Hay momentos de poesía involuntaria en el mundo. Destellos de belleza entre la maleza, milagros literarios que iluminan zonas insospechadas. Así, el lenguaje se transforma en una especie de estrella fugaz que solo concede su promesa a aquellos ojos que anhelan y desean su desmelenada brevedad. Para los demás, no es más que un rayón luminiscente en el cielo. Una visión pasajera que no dejará más huella que la que deja un susurro o un suspiro en medio del desierto. Para otros, para algunos, puede significar un desdoble metafórico en el que cada cosa se traslada de aquí para allá hasta trastocar y pulverizar los puntos cardinales y dejarnos en una nada magnífica en la que cada cosa puede ser otra, en la que las palabras mutan hasta reveses insospechados y en la que volvemos al polvo cósmico y primigenio, a las partículas elementales de las que todos partimos, porque polvo fuimos, somos y en polvo nos convertiremos.

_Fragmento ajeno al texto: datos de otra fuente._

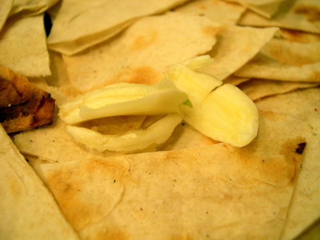 Լավաշի կտորները ջեռոցում պարբերաբար խառնեք, որպեսզի հավասարաչափ չորանան և կարմրեն: Հանեք ջեռոցից, երբ դրանք արդեն բավականին չոր կլինեն: Վայելեք Ձեր խրթխրթան չիփսերը:

En esa fugacidad de escándalo puedo decir que yo, un hombre común, un treintañero en la medianía de esta década, una persona como todas, un simple mortal entre los mortales, yo, digo, puedo afirmar que he dado vida a cientos, a miles de nubes y que de cientos, quizás miles, de labios que he besado he visto también nacer nubes mientras mis ojos enfebrecidos y luminosos se quieren devorar los suyos, tan bellos en su ardor, tan encantadores en su fiebre de fruta madura.
¿Cuántos de ustedes pueden decir que han triturado cristales para derretirlos, fumarlos y luego expulsarlos de sus cuerpos, de sus gargantas, de sus bocas como nubes que se elevan hasta el cielo para morir en la nada de la cotidianidad?

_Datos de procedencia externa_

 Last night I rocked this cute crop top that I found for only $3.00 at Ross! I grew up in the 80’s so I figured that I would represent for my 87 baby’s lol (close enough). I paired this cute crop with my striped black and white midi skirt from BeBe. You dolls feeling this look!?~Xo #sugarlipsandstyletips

Yo puedo decirlo, sí. Yo puedo afirmar que soy un creador de nubes. No, no soy un mago. Tampoco soy un alquimista con la edad de los siglos. Mucho menos soy un loco o un soñador con ínfulas de mesías new age.
Descubrí las costuras del sexo.
Soy un paria que se adentró donde le advirtieron que nunca se adentrara.
Alguien para quien las palabras fiesta y juego se transformaron en algo más.
He consumido metanfetaminas y otras drogas con fines recreativos y sexuales.
Decidí que encontraría la belleza donde otros solo ven fealdad.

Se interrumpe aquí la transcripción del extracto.